* [PATCH] hw/virtio: Add a protection against duplicate vu_scmi_stop calls
@ 2023-07-20 10:10 Milan Zamazal
2023-07-20 10:55 ` Thomas Huth
2023-07-20 12:30 ` Fabiano Rosas
0 siblings, 2 replies; 7+ messages in thread
From: Milan Zamazal @ 2023-07-20 10:10 UTC (permalink / raw)
To: qemu-devel
Cc: Milan Zamazal, Thomas Huth, Fabiano Rosas, Michael S. Tsirkin,
Peter Maydell, Laurent Vivier, Paolo Bonzini, Richard Henderson,
Alex Bennée
The QEMU CI fails in virtio-scmi test occasionally. As reported by
Thomas Huth, this happens most likely when the system is loaded and it
fails with the following error:
qemu-system-aarch64: ../../devel/qemu/hw/pci/msix.c:659:
msix_unset_vector_notifiers: Assertion `dev->msix_vector_use_notifier && dev->msix_vector_release_notifier' failed.
../../devel/qemu/tests/qtest/libqtest.c:200: kill_qemu() detected QEMU death from signal 6 (Aborted) (core dumped)
As discovered by Fabiano Rosas, the cause is a duplicate invocation of
msix_unset_vector_notifiers via duplicate vu_scmi_stop calls:
msix_unset_vector_notifiers
virtio_pci_set_guest_notifiers
vu_scmi_stop
vu_scmi_disconnect
...
qemu_chr_write_buffer
msix_unset_vector_notifiers
virtio_pci_set_guest_notifiers
vu_scmi_stop
vu_scmi_set_status
...
qemu_cleanup
While vu_scmi_stop calls are protected by vhost_dev_is_started()
check, it's apparently not enough. vhost-user-blk and vhost-user-gpio
use an extra protection, see f5b22d06fb (vhost: recheck dev state in
the vhost_migration_log routine) for the motivation. Let's use the
same in vhost-user-scmi, which fixes the failure above.
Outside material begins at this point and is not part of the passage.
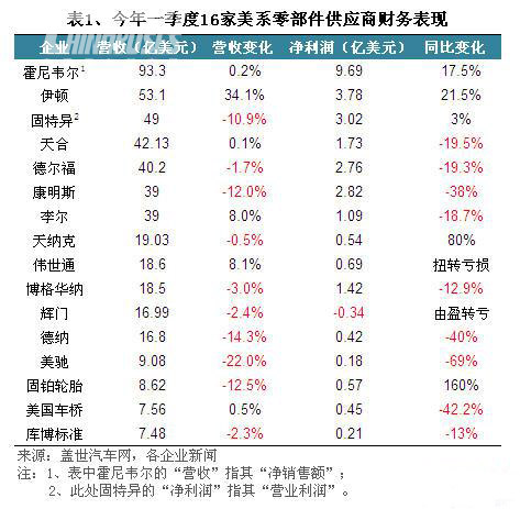 中国客车英文网【www.chinabuses.org】:今年第一季度,全球较大的汽车零部件供应商中,美系企业多数财务表现不佳,营收/利润出现下滑形势。

Fixes: a5dab090e142 ("hw/virtio: Add boilerplate for vhost-user-scmi device")
Signed-off-by: Milan Zamazal <mzamazal@redhat.com>
---
hw/virtio/vhost-user-scmi.c | 7 +++++++
include/hw/virtio/vhost-user-scmi.h | 1 +
2 files changed, 8 insertions(+)
diff --git a/hw/virtio/vhost-user-scmi.c b/hw/virtio/vhost-user-scmi.c
index d386fb2df9..918bb7dcf7 100644
--- a/hw/virtio/vhost-user-scmi.c
+++ b/hw/virtio/vhost-user-scmi.c
@@ -63,6 +63,7 @@ static int vu_scmi_start(VirtIODevice *vdev)
error_report("Error starting vhost-user-scmi: %d", ret);
goto err_guest_notifiers;
}
+ scmi->started_vu = true;
/*
* guest_notifier_mask/pending not used yet, so just unmask
@@ -90,6 +91,12 @@ static void vu_scmi_stop(VirtIODevice *vdev)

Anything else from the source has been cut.